Searching for the Switch: How Cancer Cells Become Drug-Resistant

Reading time: 4 minutes

Sara Musetti

Picture this: You walk into a strange room. Maybe you’re at a friend’s house, or the restroom in a new coffee shop, or a hotel room. It’s dark, and you can’t see, but no matter where you put your hand, you just can’t find the light switch. You know it has to be here! Where else would it be?!

For years, researchers have been searching for their own switch; the switch that controls drug resistance in cancer cells. For many patients, cancer therapy can start off on a promising note. Their tumors will stop growing, or even shrink, through chemotherapy.

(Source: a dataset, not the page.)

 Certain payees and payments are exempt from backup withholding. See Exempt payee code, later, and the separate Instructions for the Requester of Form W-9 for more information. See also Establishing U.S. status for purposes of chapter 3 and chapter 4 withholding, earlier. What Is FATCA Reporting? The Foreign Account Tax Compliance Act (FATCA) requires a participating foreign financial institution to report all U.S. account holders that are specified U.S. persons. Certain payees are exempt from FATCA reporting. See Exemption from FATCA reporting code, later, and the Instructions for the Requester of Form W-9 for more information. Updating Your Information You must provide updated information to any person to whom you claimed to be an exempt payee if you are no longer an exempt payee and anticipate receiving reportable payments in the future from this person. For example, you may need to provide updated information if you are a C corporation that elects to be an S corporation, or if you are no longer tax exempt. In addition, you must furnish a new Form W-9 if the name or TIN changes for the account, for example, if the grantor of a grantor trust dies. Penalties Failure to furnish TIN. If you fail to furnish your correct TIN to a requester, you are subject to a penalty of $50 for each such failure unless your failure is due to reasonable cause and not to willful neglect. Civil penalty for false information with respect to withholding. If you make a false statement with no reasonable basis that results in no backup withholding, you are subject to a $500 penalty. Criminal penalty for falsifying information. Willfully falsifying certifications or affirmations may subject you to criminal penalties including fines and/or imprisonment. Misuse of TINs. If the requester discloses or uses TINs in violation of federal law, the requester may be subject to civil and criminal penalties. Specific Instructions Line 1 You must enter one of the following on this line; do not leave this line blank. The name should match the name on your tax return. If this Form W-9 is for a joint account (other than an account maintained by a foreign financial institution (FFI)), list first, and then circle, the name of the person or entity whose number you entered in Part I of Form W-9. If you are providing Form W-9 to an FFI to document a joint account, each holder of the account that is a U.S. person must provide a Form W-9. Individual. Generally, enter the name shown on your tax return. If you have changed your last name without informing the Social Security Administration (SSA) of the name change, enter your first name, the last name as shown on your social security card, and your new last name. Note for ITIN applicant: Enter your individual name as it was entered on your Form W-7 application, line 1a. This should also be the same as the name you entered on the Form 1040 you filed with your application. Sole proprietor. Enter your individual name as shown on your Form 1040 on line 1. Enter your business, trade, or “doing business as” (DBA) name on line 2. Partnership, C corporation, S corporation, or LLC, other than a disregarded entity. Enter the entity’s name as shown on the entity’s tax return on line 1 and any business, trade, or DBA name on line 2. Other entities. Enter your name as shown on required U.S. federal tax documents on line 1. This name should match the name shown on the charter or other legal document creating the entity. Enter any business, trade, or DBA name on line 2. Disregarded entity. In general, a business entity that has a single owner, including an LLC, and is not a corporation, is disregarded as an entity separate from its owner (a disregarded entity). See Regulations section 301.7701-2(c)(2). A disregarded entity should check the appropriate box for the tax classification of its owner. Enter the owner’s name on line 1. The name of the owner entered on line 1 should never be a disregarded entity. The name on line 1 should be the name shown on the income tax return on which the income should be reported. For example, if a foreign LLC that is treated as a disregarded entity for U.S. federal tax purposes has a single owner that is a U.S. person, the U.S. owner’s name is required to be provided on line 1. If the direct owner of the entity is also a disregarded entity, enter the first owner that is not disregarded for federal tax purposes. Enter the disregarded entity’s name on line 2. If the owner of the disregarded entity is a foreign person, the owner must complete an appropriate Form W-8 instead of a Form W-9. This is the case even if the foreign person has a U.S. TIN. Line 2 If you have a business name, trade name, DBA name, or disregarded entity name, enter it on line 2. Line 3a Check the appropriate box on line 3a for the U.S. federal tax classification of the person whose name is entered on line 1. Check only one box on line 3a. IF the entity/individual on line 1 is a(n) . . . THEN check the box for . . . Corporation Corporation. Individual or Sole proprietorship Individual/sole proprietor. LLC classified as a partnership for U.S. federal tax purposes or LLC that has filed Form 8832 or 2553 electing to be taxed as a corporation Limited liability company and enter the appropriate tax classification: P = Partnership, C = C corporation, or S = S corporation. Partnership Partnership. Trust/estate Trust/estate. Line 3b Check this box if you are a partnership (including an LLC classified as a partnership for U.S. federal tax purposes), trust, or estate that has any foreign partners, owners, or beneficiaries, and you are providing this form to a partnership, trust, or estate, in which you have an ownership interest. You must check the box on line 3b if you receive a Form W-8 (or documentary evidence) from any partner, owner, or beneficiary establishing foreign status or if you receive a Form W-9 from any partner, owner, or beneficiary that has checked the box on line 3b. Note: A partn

They’re moving towards remission, and it’s miserable, but there’s hope. But this promising path is short, for some patients, as their tumor cells begin to develop resistance to chemotherapy. Resistance arises as cells learn to adapt to the constant onslaught of toxins thrown at them; they produce more pumps to push the chemo out before it can harm them, or they use new proteins and pathways to promote growth. Doctors may switch patients to a new therapy, and then perhaps another, but the fact remains that there are a finite number of therapies available, and resistance can develop against just about all of them.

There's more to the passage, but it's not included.